[Opening Data shown section]

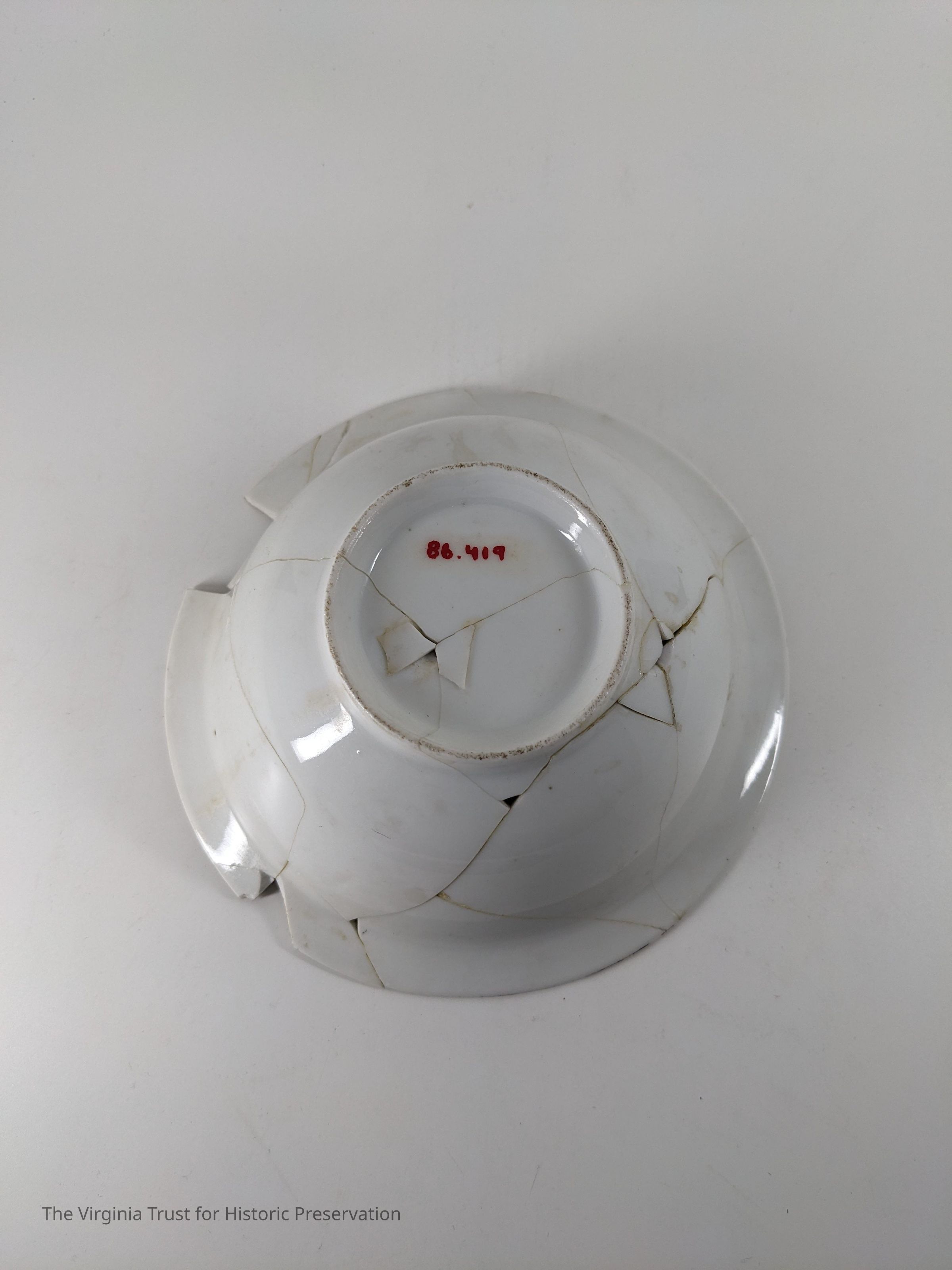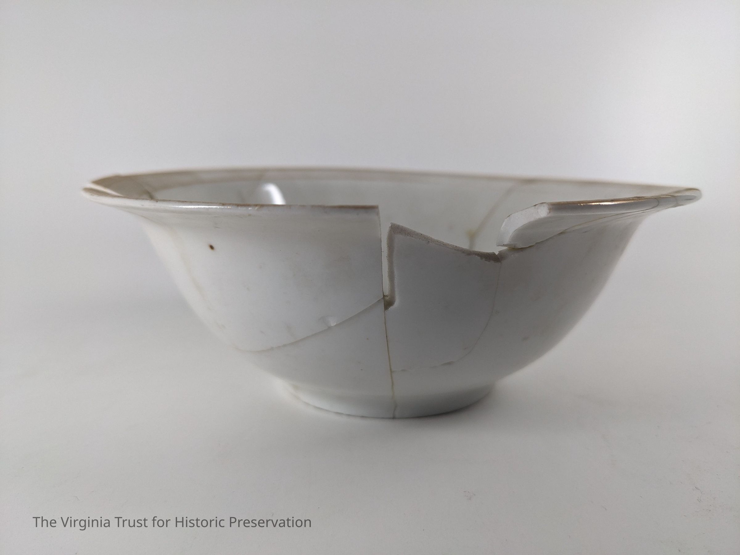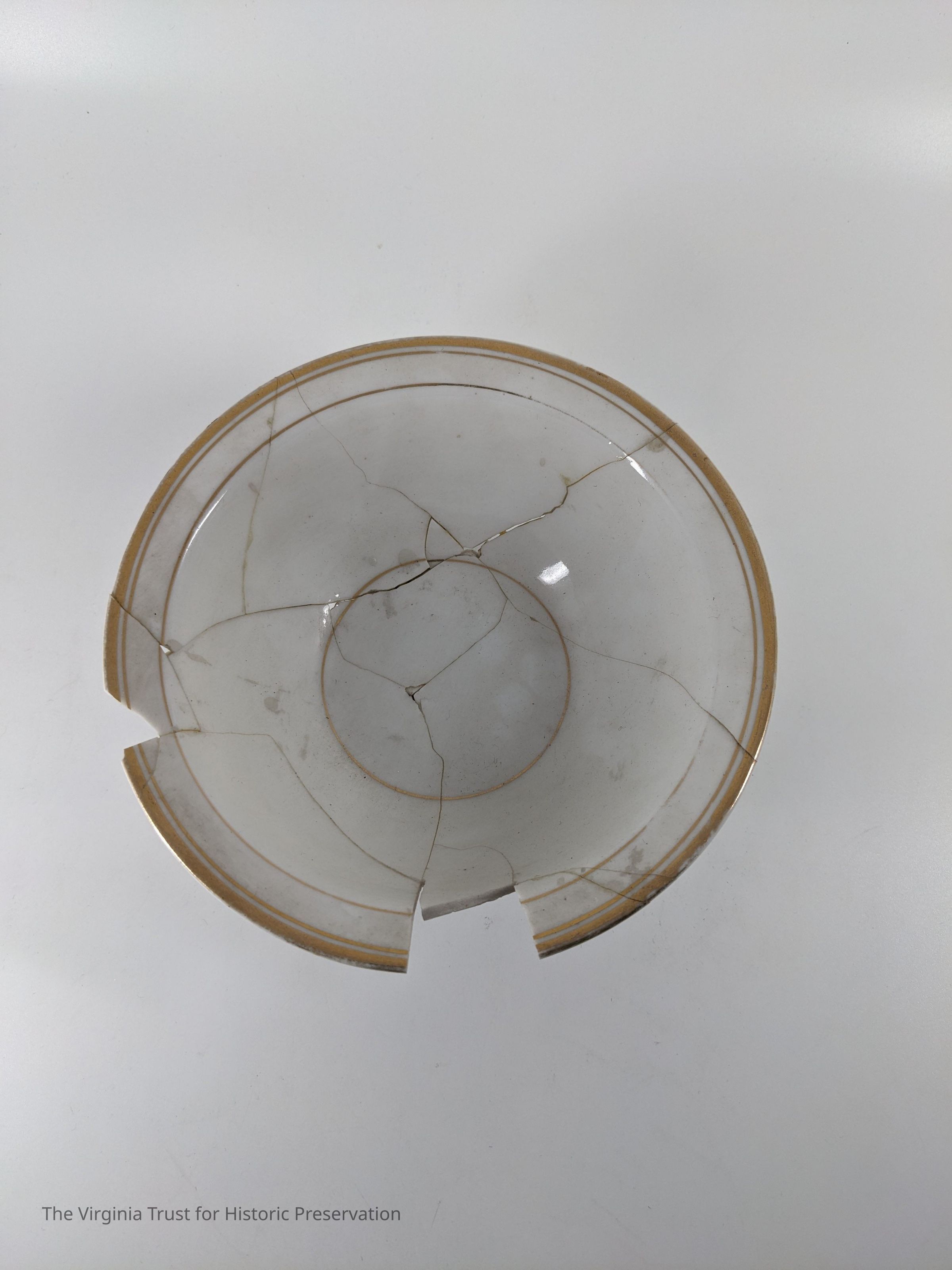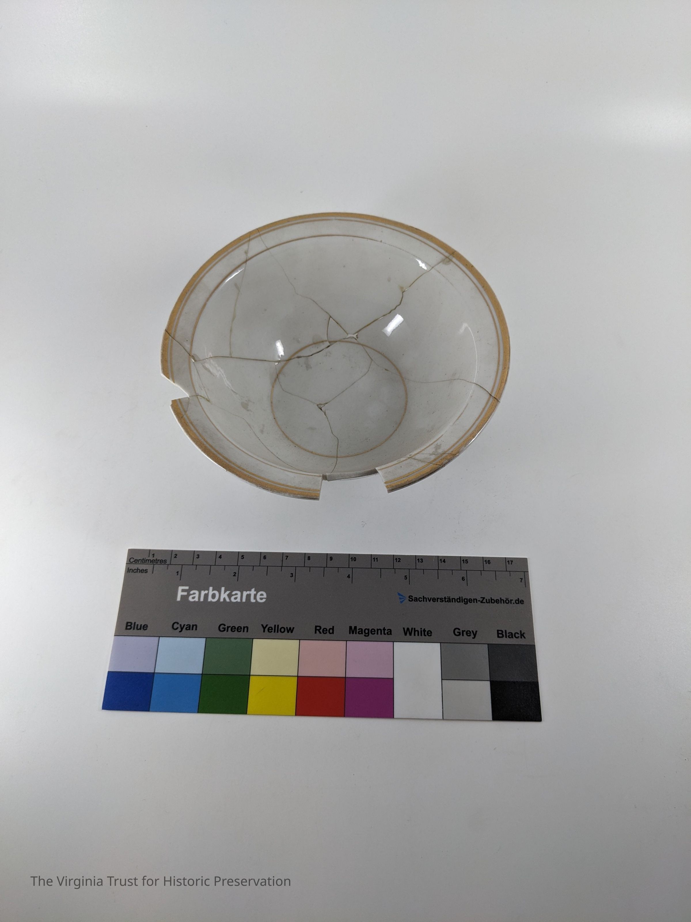 Miniature bowl. Ceramic with gold band along the rim. Part of set with pitcher.
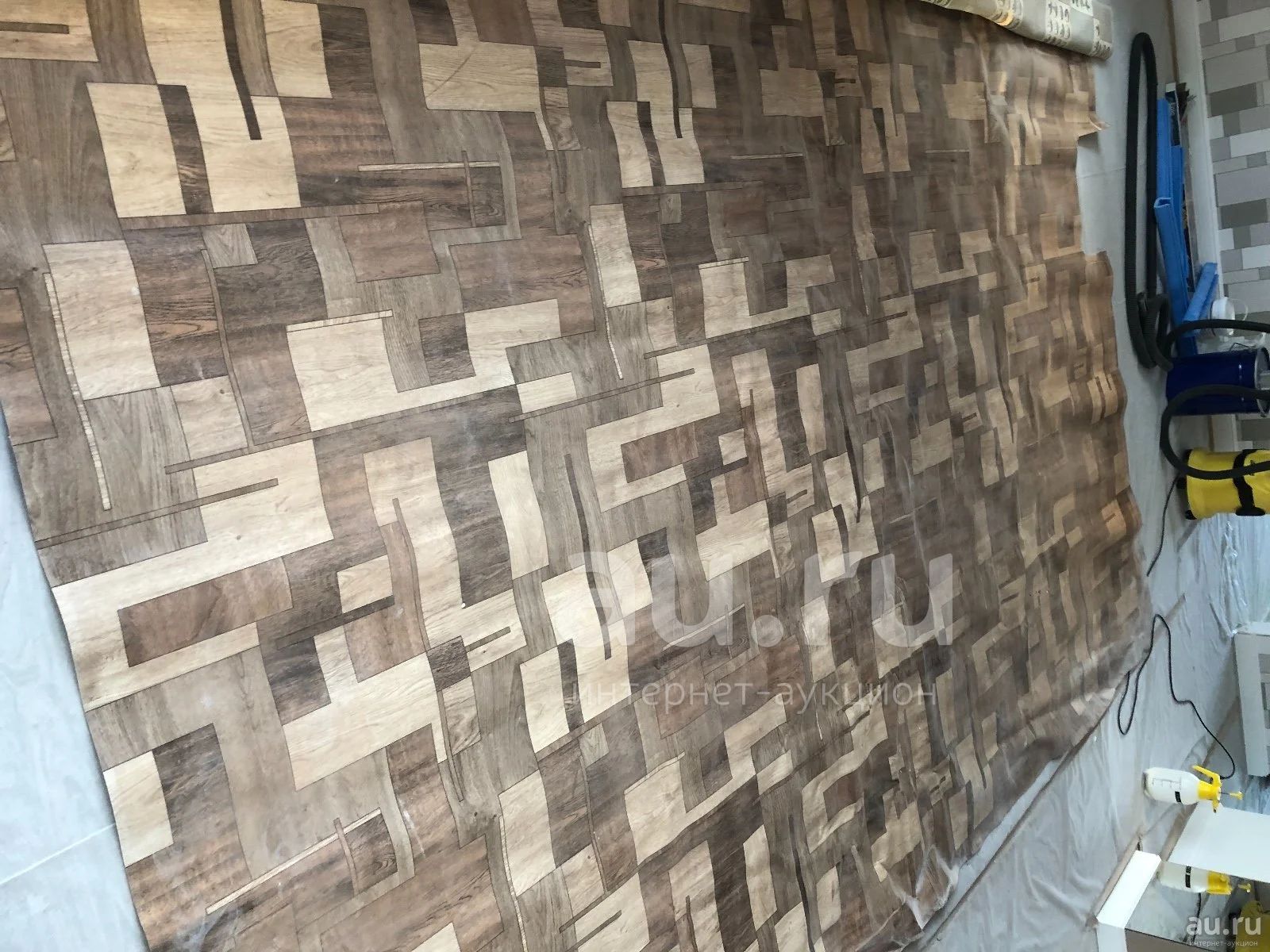Размер куска 3.80 на 3.90. Линолеум, сняли в начале ремонта после застройщика. По факту в использовании не был. В строительной пыли, в центре замят, хранился в свернутом виде. В других лотах есть другие размеры.
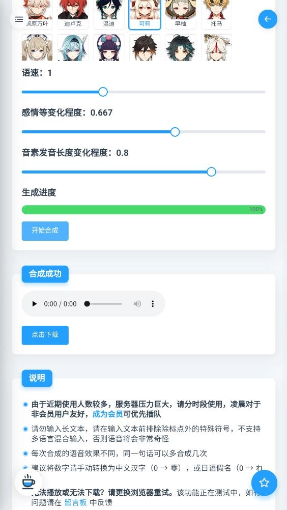 每次使用语音合成功能都特别方便,还能生成不同游戏角色的声音。
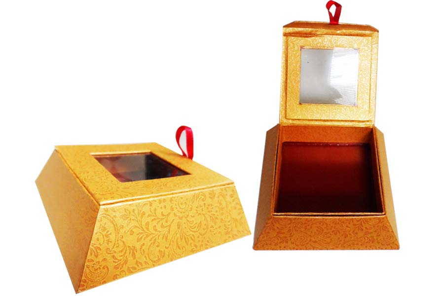 กล่องกระดาษแข็งจั่วปัง หุ้มด้วยใบพิมพ์ออฟเซ็ทผ่านการเคลือบเพื่อความสวยงามและปั้มKทองผูกริบบิ้นและเจาะหน้าต่างติดแผ่นพลาสติกpvcโชว์ตัวสินค้าเพิ่มความหรูหราให้สินค้า.
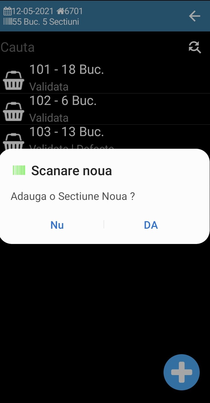 Se deschide inventarul, se adauga sectiunea si se incepe scanarea.
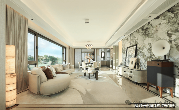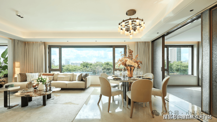目现在样板间已开放,可以亲身感受一下 超大横厅带来的 尺度震撼感。
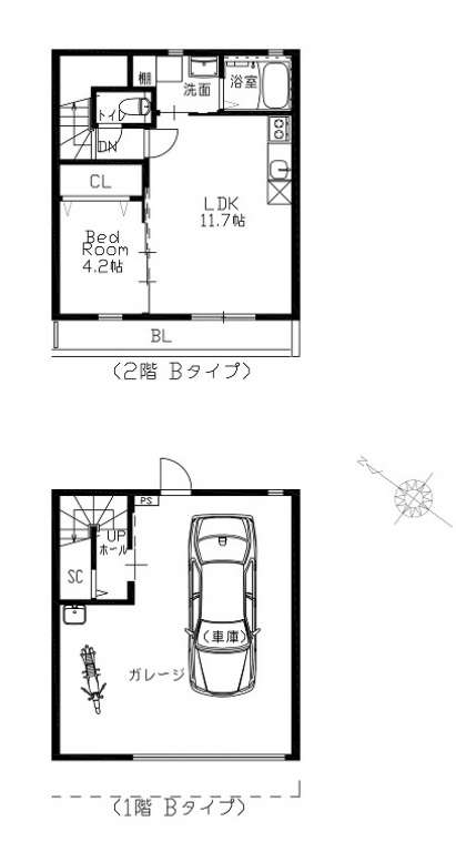 | B | 1LDK(B) | LDK11.7帖+洋室4.2帖 | 6.0m×6.6m(最大部分) | ー | リモコン式電動シャッター付ガレージ(幅3.74m×高さ2.15m) | 入居中 | ||
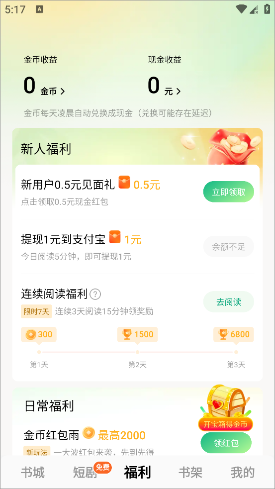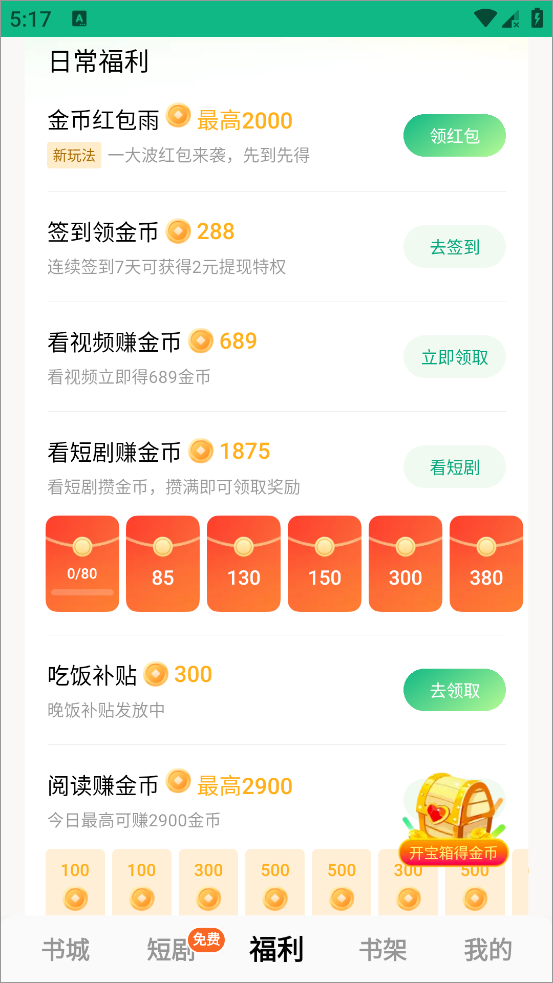 3、除新人福利活动以外,下滑可以看到日常福利,每天都可以看视频、签到、看短剧等方式获得金币
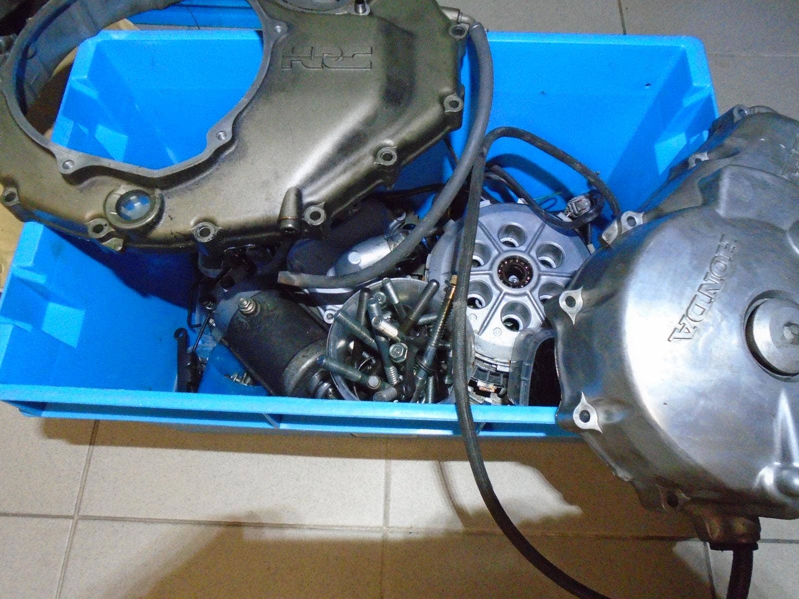 Poškozená klika motoru, frémy, hlavy, převodovka atd. v pořádku.
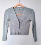 Krásna tlmená sivo modrá farba, vyšité kvietky, zapínanie na gombíky. Super stav. Kratší strih.
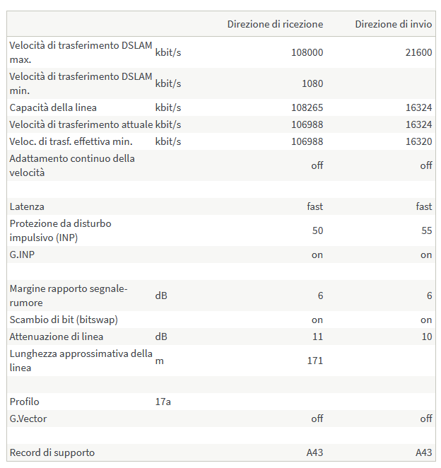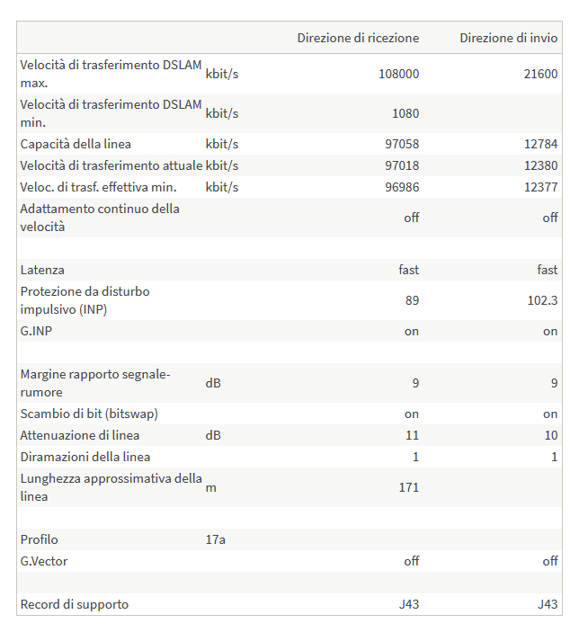 Sono in FTTC 200mbps (profilo 35b) da alcuni anni. Fino a non moltissimo tempo fa la mia linea andava a 200 mbps pieni. L'armadio ripartilinea del resto è letteralmente fuori dal cancello del condominio in cui abito: ![]() Da un po' di tempo ho notato che la velocità si è abbassata nettamente e l'altro giorno ho controllato i dati: ![]() A quanto vedo, output power e line attuation sono praticamente gli stessi (il primo screen è di svariati anni fa), l'unica differenza che noto è un Noise Margin che adesso è sul 6, mentre prima eccedeva anche di diversi db. Il modem non è cambiato, non sono stati toccati i cavi e la presa è sempre la stessa... Possibile che la diafonia si sia mangiata 100 mbps di portante? Non posso caricare hlog per ora, ma sto aspettando un nuovo modem (metto il 7590) ed eventualmente vedrò di postarli. Grazie dell'aiuto :-)
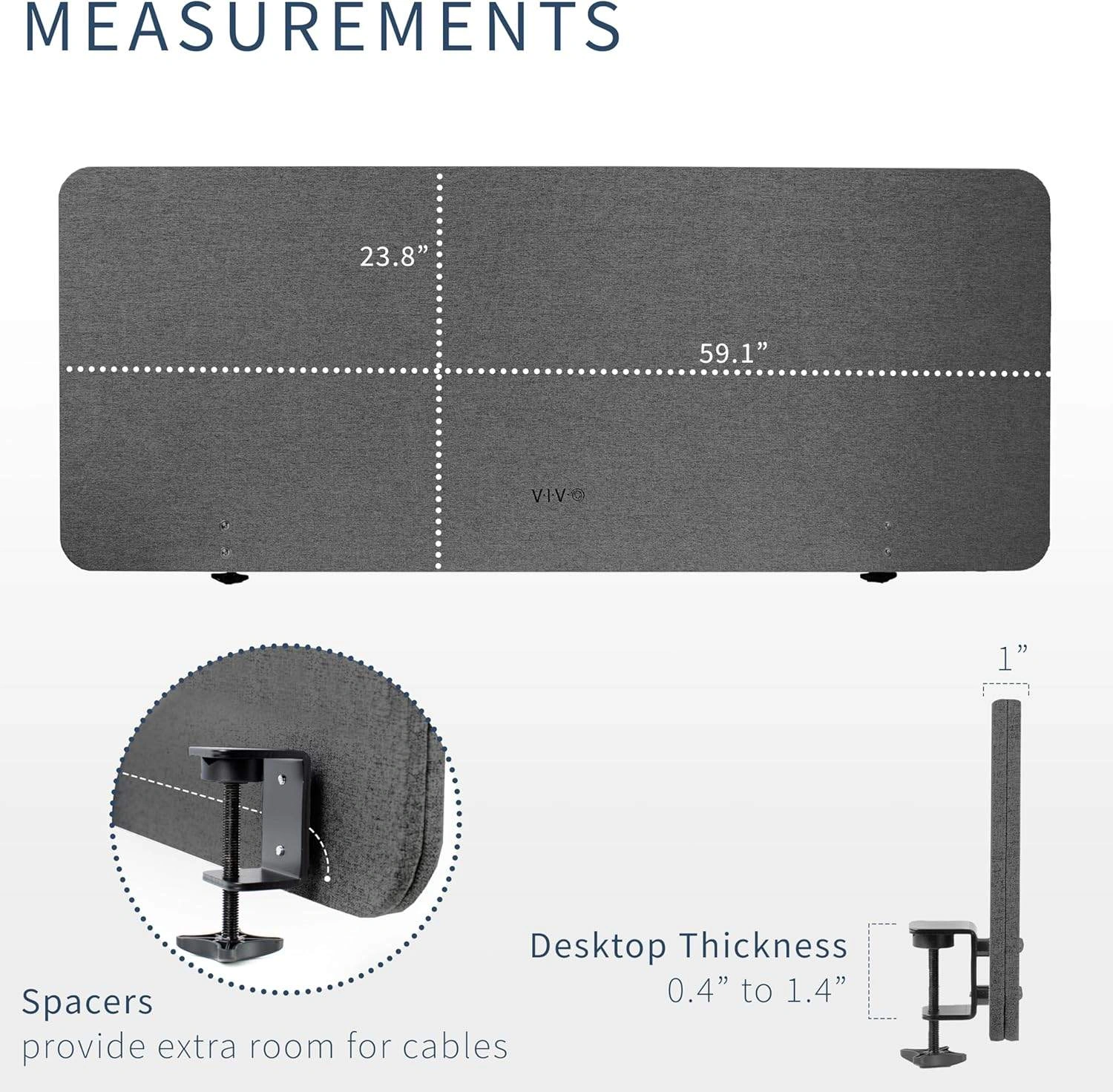 New VIVO Clamp-on/Screw-on 60 x 24 inch Privacy Panel, Sound Absorbing Cubicle Desk Divider, Acoustic Partition, Dark Gray, PP-1-V060D

[Closing Data shown section]

What this task involves: Leave the pictures aside and print exactly, and only, the lines from the one with "Размер куска 3.80" through the end of the data, both included.

Answer:
Размер куска 3.80 на 3.90. Линолеум, сняли в начале ремонта после застройщика. По факту в использовании не был. В строительной пыли, в центре замят, хранился в свернутом виде. В других лотах есть другие размеры.
 每次使用语音合成功能都特别方便,还能生成不同游戏角色的声音。
 กล่องกระดาษแข็งจั่วปัง หุ้มด้วยใบพิมพ์ออฟเซ็ทผ่านการเคลือบเพื่อความสวยงามและปั้มKทองผูกริบบิ้นและเจาะหน้าต่างติดแผ่นพลาสติกpvcโชว์ตัวสินค้าเพิ่มความหรูหราให้สินค้า.
 Se deschide inventarul, se adauga sectiunea si se incepe scanarea.
目现在样板间已开放,可以亲身感受一下 超大横厅带来的 尺度震撼感。
 | B | 1LDK(B) | LDK11.7帖+洋室4.2帖 | 6.0m×6.6m(最大部分) | ー | リモコン式電動シャッター付ガレージ(幅3.74m×高さ2.15m) | 入居中 | ||
 3、除新人福利活动以外,下滑可以看到日常福利,每天都可以看视频、签到、看短剧等方式获得金币
 Poškozená klika motoru, frémy, hlavy, převodovka atd. v pořádku.
 Krásna tlmená sivo modrá farba, vyšité kvietky, zapínanie na gombíky. Super stav. Kratší strih.
 Sono in FTTC 200mbps (profilo 35b) da alcuni anni. Fino a non moltissimo tempo fa la mia linea andava a 200 mbps pieni. L'armadio ripartilinea del resto è letteralmente fuori dal cancello del condominio in cui abito: ![]() Da un po' di tempo ho notato che la velocità si è abbassata nettamente e l'altro giorno ho controllato i dati: ![]() A quanto vedo, output power e line attuation sono praticamente gli stessi (il primo screen è di svariati anni fa), l'unica differenza che noto è un Noise Margin che adesso è sul 6, mentre prima eccedeva anche di diversi db. Il modem non è cambiato, non sono stati toccati i cavi e la presa è sempre la stessa... Possibile che la diafonia si sia mangiata 100 mbps di portante? Non posso caricare hlog per ora, ma sto aspettando un nuovo modem (metto il 7590) ed eventualmente vedrò di postarli. Grazie dell'aiuto :-)
 New VIVO Clamp-on/Screw-on 60 x 24 inch Privacy Panel, Sound Absorbing Cubicle Desk Divider, Acoustic Partition, Dark Gray, PP-1-V060D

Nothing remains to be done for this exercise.